* Given information:
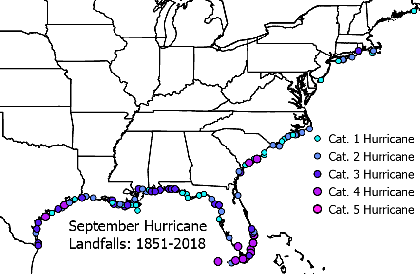 September continental US #hurricane landfall locations since 1851. 39 out of the 121 September continental US hurricane landfalls have been in Florida. #HurricaneDorian
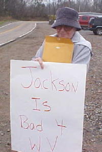 "God forbid if he is elected governor," she said. Jackson, a millionaire oil and gas businessman and former state senator, frequently refers to his rural county, but in fact lives in Charleston. Jackson's reputation in Democrat ridden Lincoln County has gone down hill after a Republican write-in candidate defeated him for State Senate. He still managed to be elected by voters in the senatorial district. Carol Smith, president of the Lincoln County school board, said the system has been held hostage by Jackson's followers, allowing community schools to fall apart. Lincoln County resident Thomas Ramey said "Beware Calhoun! Lloyd Jackson tries to portray his Lincoln home boy roots, when in fact his political and business ambitions have created a gap that seems beyond repair." "He is the state's chief architect for school consolidation, closing community schools and causing two-hour bus rides in our county, when that movement has been discontinued around America." "With student population falling in Calhoun, it will likely happen that your last elementary schools in Arnoldsburg and Pleasant Hill will be moved to the consolidated Mt. Zion School," said Ramey. Protester Karen Sargent said "I don't want to see Jackson continue to do to West Virginia what he has done to Lincoln County," referring to the closure of nearly all the schools with the building of the most costly high school ever built in the state at $30 million. "Hey, the only entrance road to the new school even floods, but that's the way things work down here," she said. "In the Lincoln County community of Harts you must now go to school in Logan County, or get permission from the school board to attend school in your own county. It is the final takeover of local education," she said. "I have a right to protest," said Elisabeth Sargent, a 16 year-old former Lincoln County student. Ms. Sargent commented on the apparent dissatisfaction of some of the rally attendees. "I was taken aback by one man's words after I asked for a chair for Mrs. Ramey." She said, "Mr. Jackson has avoided us on numerous occasions, I find it ironic that a man who wants to lead the state, doesn't want to face his opposition."
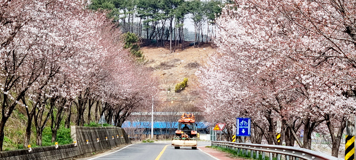21일 의령읍 친환경골프장 벚꽃길과 가례면 자전거도로에는 이미 벚꽃이 활짝 피어 나들이객들이 봄을 만끽하고 있고 봄 농사 준비로 농기계들이 분주히 움직이고 있다.
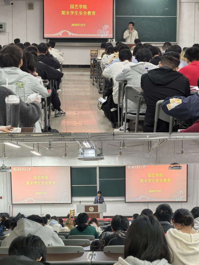 为进一步强化学生安全意识,保障期末及寒假期间校园安全稳定,近日,园艺学院组织召开了期末安全教育大会,学院全体学生参加。

* Exercise aim: Each line of the listing above belongs in the answer exactly as written; the pictures do not.

* Result of the task:
 September continental US #hurricane landfall locations since 1851. 39 out of the 121 September continental US hurricane landfalls have been in Florida. #HurricaneDorian
 "God forbid if he is elected governor," she said. Jackson, a millionaire oil and gas businessman and former state senator, frequently refers to his rural county, but in fact lives in Charleston. Jackson's reputation in Democrat ridden Lincoln County has gone down hill after a Republican write-in candidate defeated him for State Senate. He still managed to be elected by voters in the senatorial district. Carol Smith, president of the Lincoln County school board, said the system has been held hostage by Jackson's followers, allowing community schools to fall apart. Lincoln County resident Thomas Ramey said "Beware Calhoun! Lloyd Jackson tries to portray his Lincoln home boy roots, when in fact his political and business ambitions have created a gap that seems beyond repair." "He is the state's chief architect for school consolidation, closing community schools and causing two-hour bus rides in our county, when that movement has been discontinued around America." "With student population falling in Calhoun, it will likely happen that your last elementary schools in Arnoldsburg and Pleasant Hill will be moved to the consolidated Mt. Zion School," said Ramey. Protester Karen Sargent said "I don't want to see Jackson continue to do to West Virginia what he has done to Lincoln County," referring to the closure of nearly all the schools with the building of the most costly high school ever built in the state at $30 million. "Hey, the only entrance road to the new school even floods, but that's the way things work down here," she said. "In the Lincoln County community of Harts you must now go to school in Logan County, or get permission from the school board to attend school in your own county. It is the final takeover of local education," she said. "I have a right to protest," said Elisabeth Sargent, a 16 year-old former Lincoln County student. Ms. Sargent commented on the apparent dissatisfaction of some of the rally attendees. "I was taken aback by one man's words after I asked for a chair for Mrs. Ramey." She said, "Mr. Jackson has avoided us on numerous occasions, I find it ironic that a man who wants to lead the state, doesn't want to face his opposition."
21일 의령읍 친환경골프장 벚꽃길과 가례면 자전거도로에는 이미 벚꽃이 활짝 피어 나들이객들이 봄을 만끽하고 있고 봄 농사 준비로 농기계들이 분주히 움직이고 있다.
 为进一步强化学生安全意识,保障期末及寒假期间校园安全稳定,近日,园艺学院组织召开了期末安全教育大会,学院全体学生参加。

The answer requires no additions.